* [PROBLEM STATEMENT]:
I need every line from the start of the material below up to and including the line containing "Our Personal Tracker", restated exactly, with the pictures omitted.
Segment Start: SUPPLIED DATA
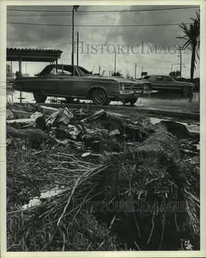 1967 Press Photo Damaged cars after Hurricane Beulah in Brownsville, Texas
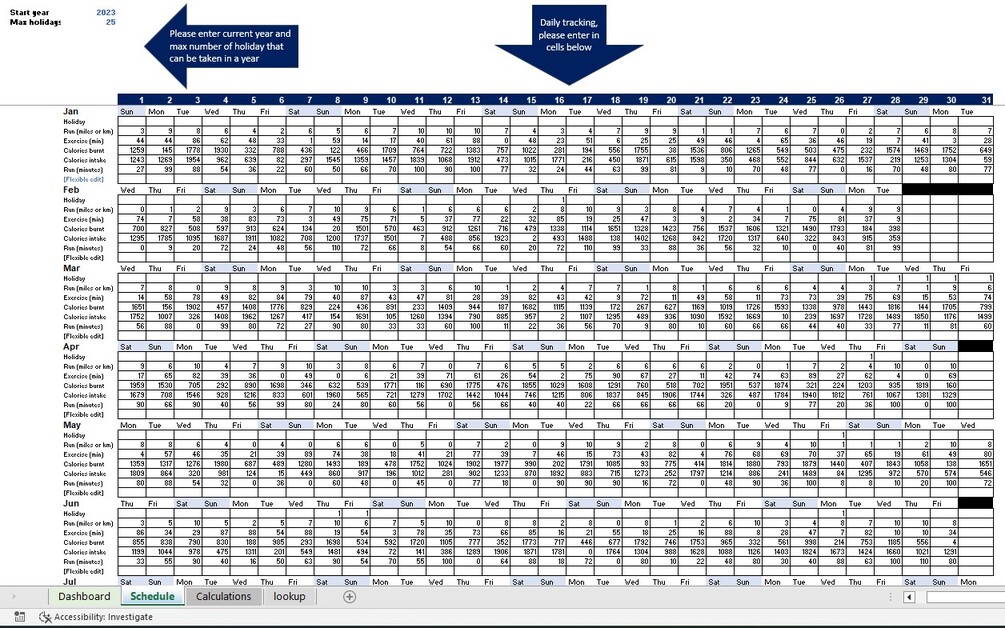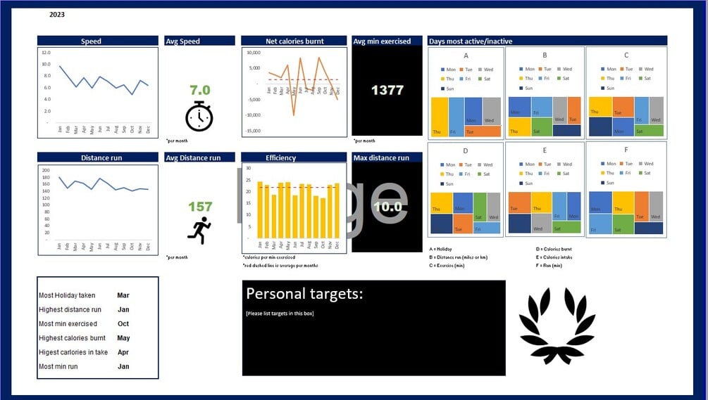 Our Personal Tracker Excel Template goes the extra mile by highlighting the days where you've been most active or inactive. By identifying patterns in your activity levels, you can make informed decisions about your workouts and adjust your routine accordingly.
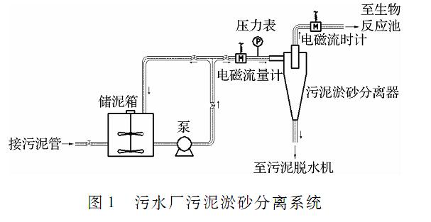 污水廠污泥淤砂分離系統如圖1所示,核心設備為自主開發的污泥淤砂分離器。實驗時,先將污水廠回流污泥泵入帶攪拌器的儲泥箱,通過調節閥門控制污泥混合液進入污泥淤砂分離器的壓力,污泥混合液通過分離器后被分離為底流污泥和溢流污泥。其中,底流污泥被輸送至污泥脫水機進行脫水,溢流污泥被回流至生物反應池。
Segment End: SUPPLIED DATA
* [EXPECTED OUTPUT]:
 1967 Press Photo Damaged cars after Hurricane Beulah in Brownsville, Texas
 Our Personal Tracker Excel Template goes the extra mile by highlighting the days where you've been most active or inactive. By identifying patterns in your activity levels, you can make informed decisions about your workouts and adjust your routine accordingly.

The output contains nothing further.